What to do:
Without the pictures, set down every line of the data exactly.
━━ Supplied data
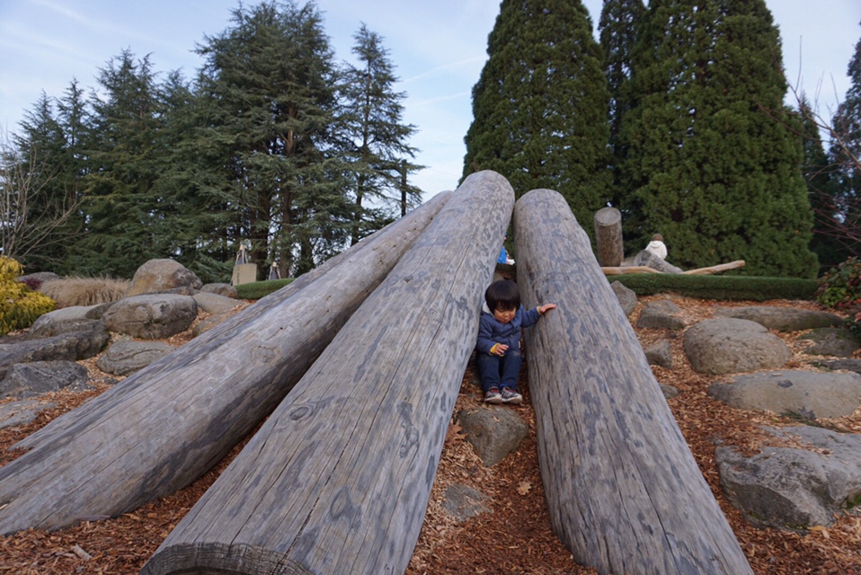 でっかい人口の遊具があるのではなく、木の丸太がデン!と置かれています。
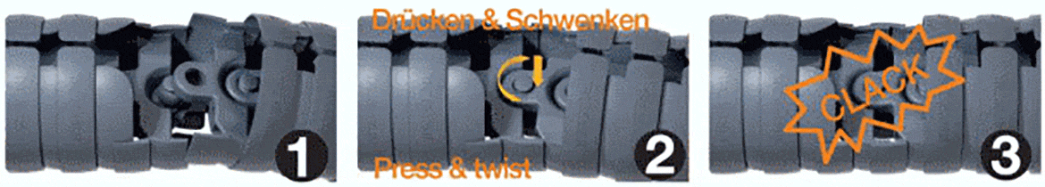 La version B présentant une stabilité encore plus grande, un outil de démontage est nécessaire pour séparer les maillons de cette chaîne porte-câbles.
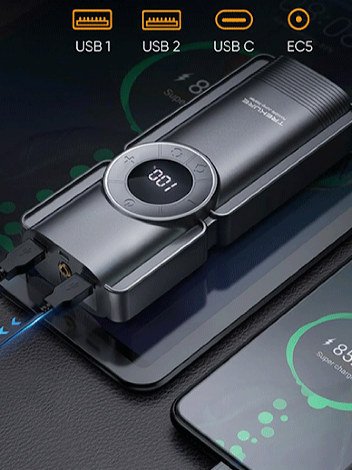 همچنین، این جامپ استارتر از طریق درگاه Type-C به سرعت شارژ میشود و امکان استفاده به عنوان پاوربانک برای شارژ دستگاههای الکترونیکی مانند موبایل و تبلت را نیز فراهم میکند. طراحی سبک، قابل حمل و بدنه مقاوم این محصول، آن را به یک انتخاب ایدهآل برای سفرهای طولانی، طبیعتگردی و استفاده روزمره تبدیل کرده است.
━━━━
Written answer:
 でっかい人口の遊具があるのではなく、木の丸太がデン!と置かれています。
 La version B présentant une stabilité encore plus grande, un outil de démontage est nécessaire pour séparer les maillons de cette chaîne porte-câbles.
 همچنین، این جامپ استارتر از طریق درگاه Type-C به سرعت شارژ میشود و امکان استفاده به عنوان پاوربانک برای شارژ دستگاههای الکترونیکی مانند موبایل و تبلت را نیز فراهم میکند. طراحی سبک، قابل حمل و بدنه مقاوم این محصول، آن را به یک انتخاب ایدهآل برای سفرهای طولانی، طبیعتگردی و استفاده روزمره تبدیل کرده است.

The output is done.